Flying with epilepsy is usually safe for patients especially if they take the necessary precautions beforehand. Nonetheless, there are certain risk factors such as jet lag that can cause a seizure. Thus, it is best to be accompanied by a medical escort or to fly on a chartered medical flight by Medical Repatriation UK.
Is flying with epilepsy safe?
Generally, the answer to ‘Can someone with epilepsy fly’ is “Yes.” Flying for epileptic patients is generally low-risk and with the proper precautions and management strategies, flying on a commercial plane is usually not an issue.
According to the general guidelines by IATA, flying is not a problem if your seizures are usually well-controlled. However, the association recommends that you get medical clearance to fly if you have had a tonic-clonic seizure less than 24 hours before your flight. Moreover, the situation is different for patients with refractory or uncontrolled epilepsy. In these cases, your doctor will have to assess your situation before the flight to determine whether you are fit-to-fly.
Important note: Most airline companies follow IATA regulations when it comes to allowing epileptic patients on board.

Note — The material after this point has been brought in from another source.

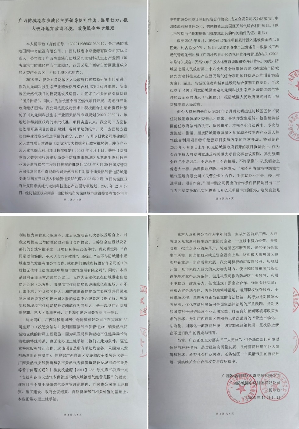 我本人及相关公司作为多年前第一家从外省前来广西,入住防城区九龙湖科技生态产业园的企业,一直以来努力经营,并带动着一批重点企业纷纷落户,随着园区不断发展,燃气作为企业生产所需,因当地政府缺乏资金没有上马,这也极大影响园区和落户企业进一步高质量发展。我公司积极响应政府号召,从规划开始,几年来投入巨大的人力物力财力,使得园区管道燃气基础设施基本取得运营条件。但是巩发明作为防城区主要领导,利用手中权力,肆意妄为,任性违规干预企业合作,强迫关联交易;恶意否定合法合同,破坏契约精神滥用;运用职权强夺股权,干预市场运作,意图强取正当企业的合法权益,其行为是对国家公务员法、优化营商环境条例等国家法律法规的严重践踏,是对党和国家对于维护民营企业合法权益、打造良好营商环境等政策要求的破坏,是对广西自治区陈刚书记多次强调的“营造市场化、法治化、国际化一流营商环境;切实加强政策兑现,坚决防止新官不理旧账”的否定与违背。

Precautions to take when flying with epilepsy
Besides getting their doctor’s recommendation, there are certain precautions that you should take when travelling with epilepsy to ensure a safe and smooth journey.
Here are precautions that you should take when travelling with epilepsy:
Check regulations about your medications
While your medications might be essential during the trip, certain countries have different rules with regards to medicines, even if they are over-the-counter in the UK. Some countries might not allow the drugs while others would require proof that they are being used for medical purposes. Always carry your prescriptions or a doctor’s note with you.
Apply for the GHIC if you are travelling to European countries
The Global Health Insurance Card (GHIC) is the equivalent of the European Health Insurance Card (EHIC). It allows those in the UK to access state-provided healthcare in European countries. While a GHIC does not involve any fee, it does not cover all medical charges.
Take travel insurance for epileptic patients
Since the GHIC is restricted to European countries and it does not cover everything, it is important that you take travel insurance covering epileptic treatments abroad. Inform your insurance company about your condition before taking the insurance.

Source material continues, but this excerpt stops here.